Book I introduces a Stoic- inspired theory of "laws of nature" according to which the true law corresponds to divine reason. Since all human beings are also gifted with reason, by training their mind they can ultimately participate in divine reason and live according to the true, eternal law.

These philosophical thoughts are taken up again in Book II. In particular, it is made clear that there are false laws in the world that do not apply by nature and therefore do not actually deserve the designation "law". This is followed by a religious framework law ( constitutio religionum ), which is heavily inspired by the Roman tradition.

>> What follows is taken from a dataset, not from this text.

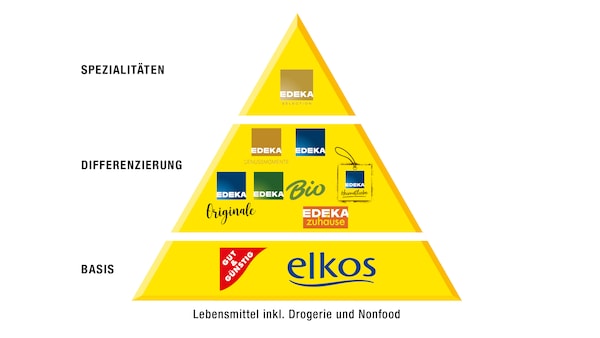 Das Basissortiment garantiert mindestens die Qualität der führenden Marke im Massenmarkt. Das Differenzierungs-Sortiment bietet einen objektiven Zusatznutzen gegenüber den Basismarken oder gegenüber dem entsprechenden Wettbewerbsprodukt. Ganz oben in der Eigenmarken-Pyramide finden sich ausgewählte, exklusive Spezialitäten.

Finally, in Book III, a corresponding collection of laws on the magistrate is drawn up. The laws are each written in an ancient style and each of the two collections is followed by a commentary in which the presented laws are treated with varying degrees of depth. The concrete laws take up the Roman tradition with some recourse to Plato rather than the theory of natural law explained in the first book.

Book IV apparently contained an addition to Book III, possibly on the judiciary . The content of Book V can hardly be reconstructed. However, it can be assumed that, as with Plato, further areas of law should be discussed.


Dialogue is hardly mentioned in ancient texts; Exceptions are Macrobius , Lactantius and Augustine . In the 5th century it was included in the corpus from which the two Vossiani originate and only passed on for posterity in this way.

Text editions and translations

  • Jonathan GF Powell (Ed.): M. Tvlli Ciceronis De re pvblica. De legibvs. Cato maior de senectvte. Laelivs de amicitia, Oxford 2006. (Text-critical edition)
  • Andrew R. Dyck: A commentary on Cicero, De legibus, Ann Arbor 2004. (Comment)
  • M. Tullius Cicero: De legibus / About the laws. Latin and German. Ed., Trans. and ext. by Rainer Nickel , Düsseldorf ²2002.


  • Robert Philippson : M. Tullius Cicero. In: Paulys Realencyclopadie der classischen Antiquity Science (RE). Volume VII A, 1, Stuttgart 1939, Sp. 1117-1121.
  • Gustav Adolf Lehmann : Political Reform Proposals in the Crisis of the Late Roman Republic. Cicero, De legibus III and Sallust's letters to Caesar, Meisenheim am Glan 1980.
  • Klaus Martin Girardet : The order of the world. A contribution to the philosophical and political interpretation of Cicero's De legibus, Wiesbaden 1983.
  • Inga Meyer: From vision to reform. The state of law: Cicero's program for a reorganization of the Roman Republic 56–51 BC Chr., Munich 2006.